脳は痛みを感じない

頭痛を感じているのは脳ですが、脳が痛むと言うことはありません。
頭の皮膚やその直下にある筋肉や腱、あるいは頭蓋骨の表面を覆っている骨膜などは、痛みを感じますし、頭蓋骨の内側にあって脳を包んでいる厚い膜(硬膜)も、痛みを感じる組織です。
硬膜の内側には、もう一つくも膜という薄くて頑丈な膜があって、その膜の下には脳を養う動脈が沢山走っていますが、これらの動脈のうち脳の下側にある太い動脈の壁は痛みに対して敏感です。
これに反して、脳の実質は痛みを全く感じることがありません。
ですから、脳神経外科のお医者さんは、局所麻酔薬を使って皮膚から硬膜までの脳の外側を包んでいる組織を麻酔すれば、全身麻酔のように脳の組織を麻酔してしまうことなく、脳の手術を行うことが出来ます。

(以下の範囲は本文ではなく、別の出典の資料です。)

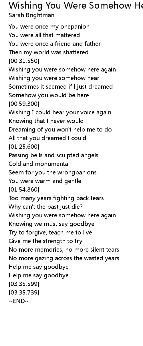 | [00:32.650] | Wishing you were somehow here again |
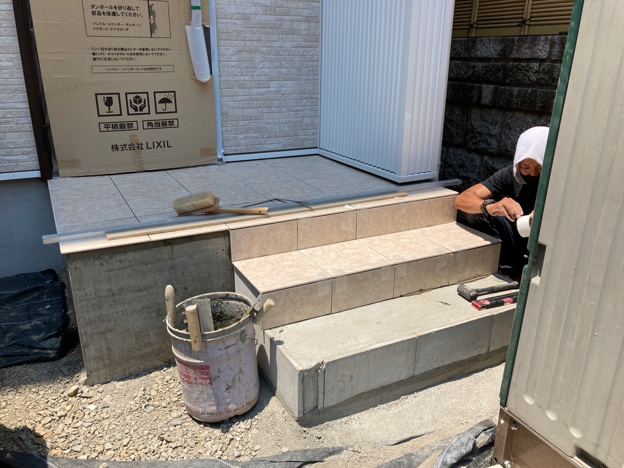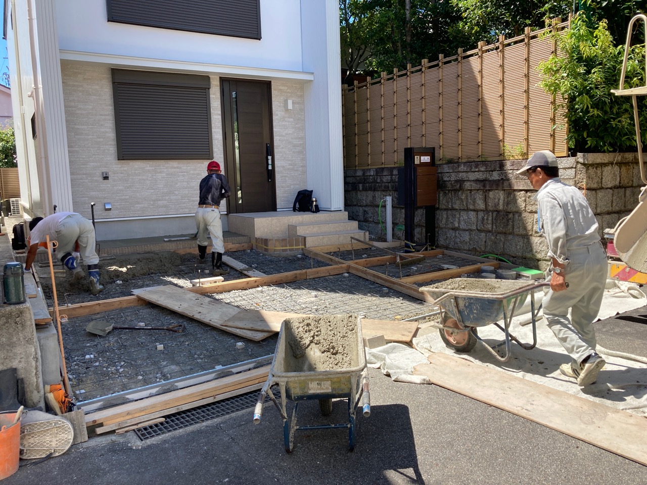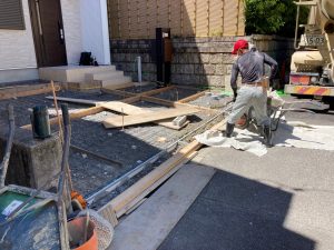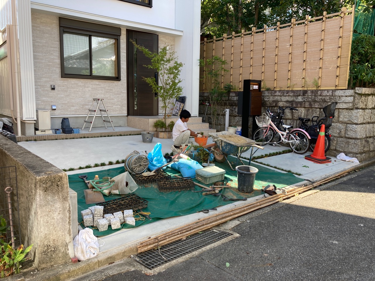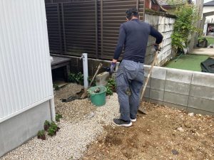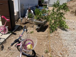 間口が広がった分、軽自動車の駐車できるスペースが欲しい、という計画ですので、軽自動車が止まれるだけの奥行き寸法を確保する必要があります。従来は自転車を置いていた背後に、門柱や植栽がありましたのでそれらも奥に移動します。まずは植栽の移植から進めます。6月半ばとは言え予報では7月下旬の真夏日。職人さんもいつもの事とはいえ、人力での移植です。熱中症にはお気を付けください。
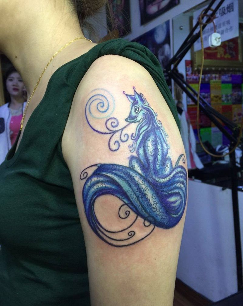 遮盖作品 蓝狐 遮盖前后纹身图片_成品手臂清新动物纹身图案
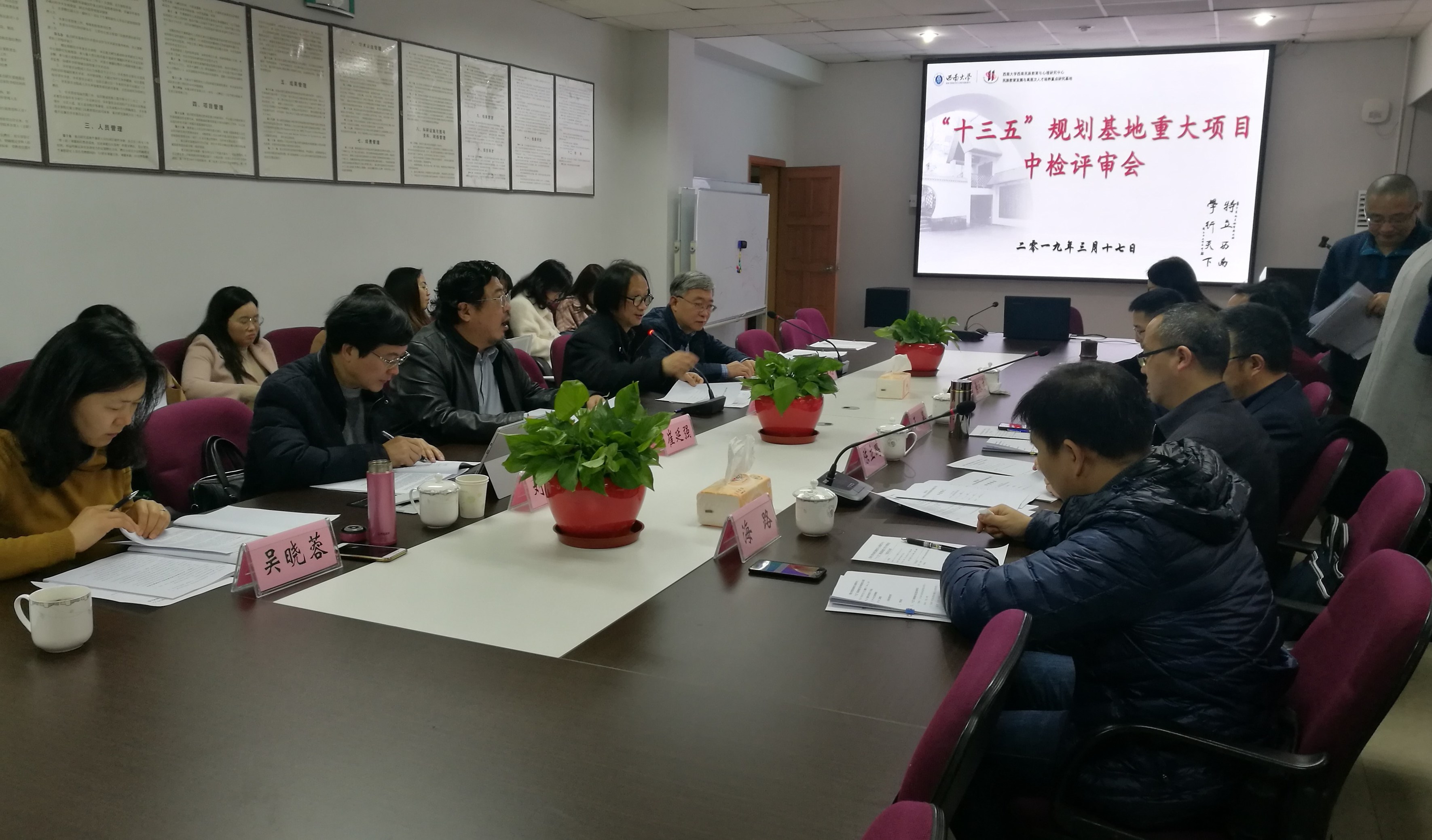 接受中期检查的项目是服务国家民族教育发展战略需要、围绕“十三五”总体规划主攻方向,“以‘互联网+’促进西南民族地区生态与科教特色发展研究”开展的系列重大研究项目,共计五项:张诗亚教授主持的“‘互联网+’汉字字源学习促进西南民族华夏认同研究”、赵玉芳教授主持的“‘互联网+’时代西南少数民族心理融合与认同建构研究”、倪胜利教授主持的“‘互联网+’背景下西南地区跨境民族教育发展研究”、孙振东教授主持的“‘互联网+’时代民族地区特色教育理论与实践模式研究”,以及廖伯琴教授主持的“基于‘互联网+’的民族地区科学普及研究”。
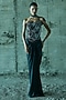 Featuring a black structured corset in organza and satin base with unique collar-strap detailing. It is paired with a skirt. Style it with statement jewellery and embellished heels for evening soirees.
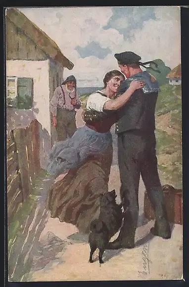 Künstler-AK Matrose kehrt zu seiner grossen Liebe nach dem Krieg zurück
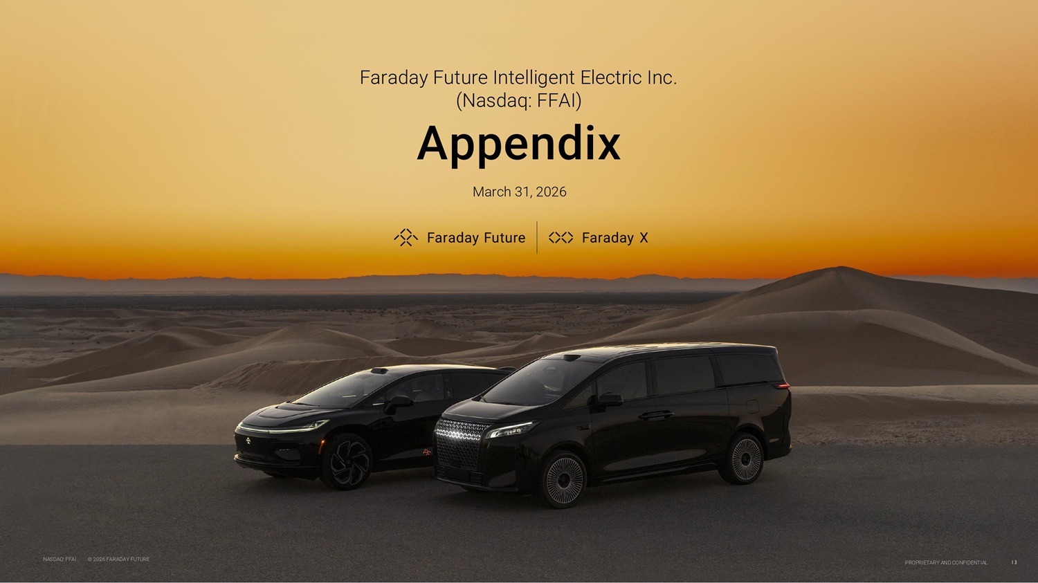 Faraday Future Intelligent Electric Inc. (Nasdaq: FFAI) Appendix March 31, 2026 NASDAQ: FFAI © 2026 FARADAY FUTURE 13 PROPRIETARY AND CONFIDENTIAL

つまり、頭痛という症状は、脳そのものの破壊で起こることはないのです。
脳腫瘍やくも膜下出血など、脳を壊す重大な病気が頭痛を起こすことは事実ですが、これは脳が壊されたから痛むのではなく、腫瘍が大きくなって腫れてくるために脳を包んでいる膜が引っ張られたり、もれ出てきた血液で脳の動脈の壁が刺激されたりして痛みを感じているのです。
さて、皮膚、筋肉、腱、骨膜、硬膜、脳動脈のどれからであれ、頭の領域で感じられる痛みの感覚は、全て三叉神経という神経によって感じとられ、脳に運ばれます。
脳の中に伝えられた三叉神経からの痛みの情報は、いったん脳から脊髄にまで下がってから、大脳に伝えられます。
大脳に伝えられて初めて、ヒトは痛みの感覚を自覚するのですが、硬膜や脳動脈に由来する痛みの感覚情報は、痛みを自覚することはできても、体のどこから来た痛みであるかを判別することが困難です。
ですから、例えば、大脳の真下にある硬膜が刺激されると目の後ろが痛んだり、脳の下のほうを養っている動脈の壁が裂けたりすると、後頭部に痛みを感じたりということが起こります。
また、三叉神経はいったん脊髄にまで降りていきますから、頭の中の異常が、首の痛みとして感じられることも少なくありません。
すなわち、頭痛という症状に関しては、痛いと感じる場所に痛みの原因があるとは限らないのです。